Kamil Altan

Personal information
- Date of birth: 7 April 1924
- Place of birth: Istanbul, Turkey
- Date of death: 25 February 2011 (aged 86)
- Place of death: Istanbul, Turkey
- Height: 1.71 m (5 ft 7 in)
- Position(s): Defender

Senior career*
- Years: Team / Apps / (Gls)
- 0000–1952: Eyüpspor
- 1952–1958: Galatasaray / 15 / (10)
- 1958–1960: Taksim

International career
- 1952: Turkey / 1 / (0)

= Kamil Altan =

Turkish footballer

Kamil Altan (7 April 1924 - 25 February 2011) was a Turkish footballer. He competed in the men's tournament at the 1952 Summer Olympics.

==Career==
Prior to the 1952–53 season, Altan moved from Eyüpspor to Galatasaray, where he played until the end of the 1959–60 season. He scored one goal in 59 league appearances for the club. In the 1954–55 and 1955–56 seasons, he was part of the teams winning the Istanbul Football League. He then signed with Taksim, playing there until 1960.

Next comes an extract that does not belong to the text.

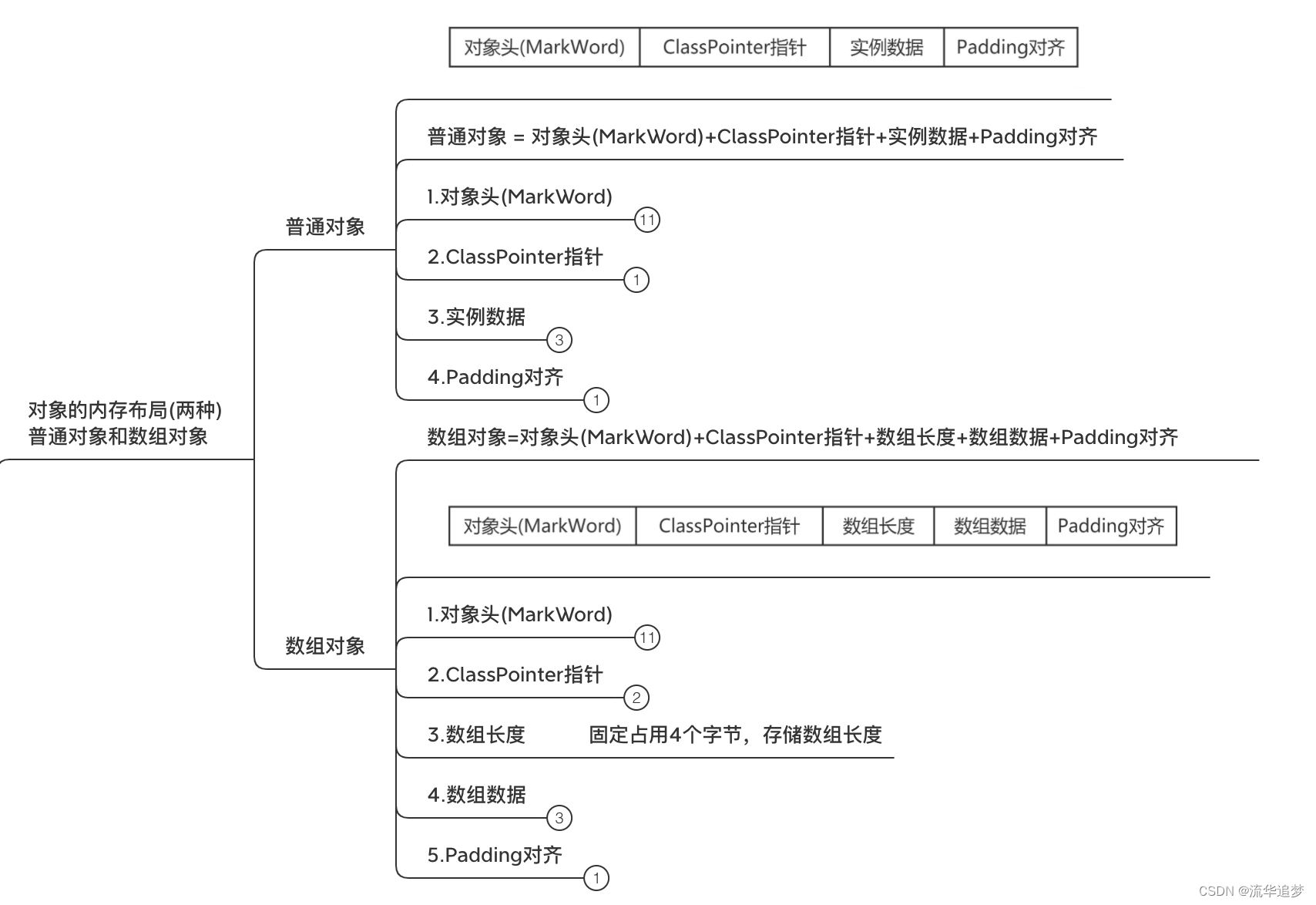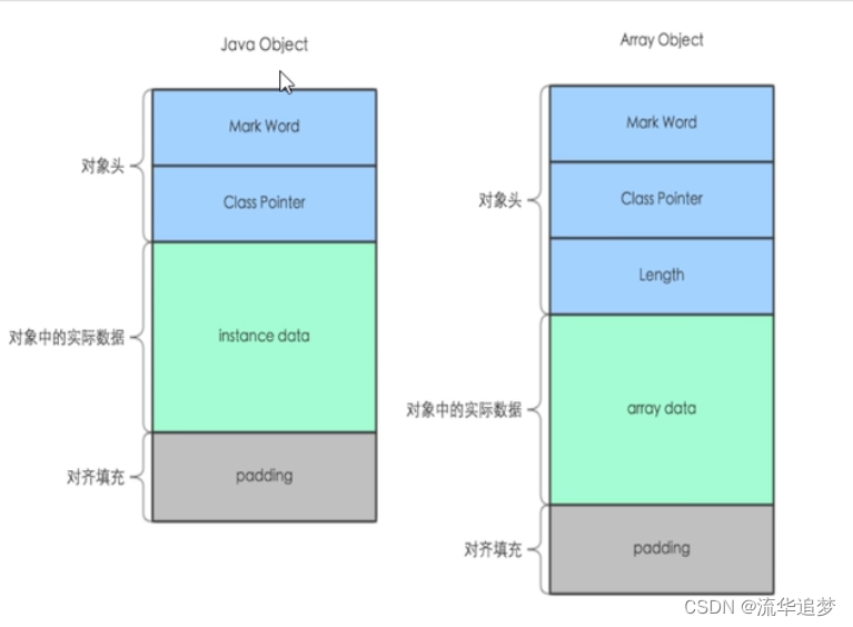 Java 对象的内存布局分为两种,普通对象和数组对象。

After ending his football career, he became coach of Galatasaray's youth team in 1961. After staying in this position for a while, he was the manager of Tophane Tayfunspor, an amateur team, in the 1970s.

==Personal life==
Altan died on 25 February 2011. He was buried in Selimpaşa Cemetery after noon prayers at the Teşvikiye Mosque on 27 February.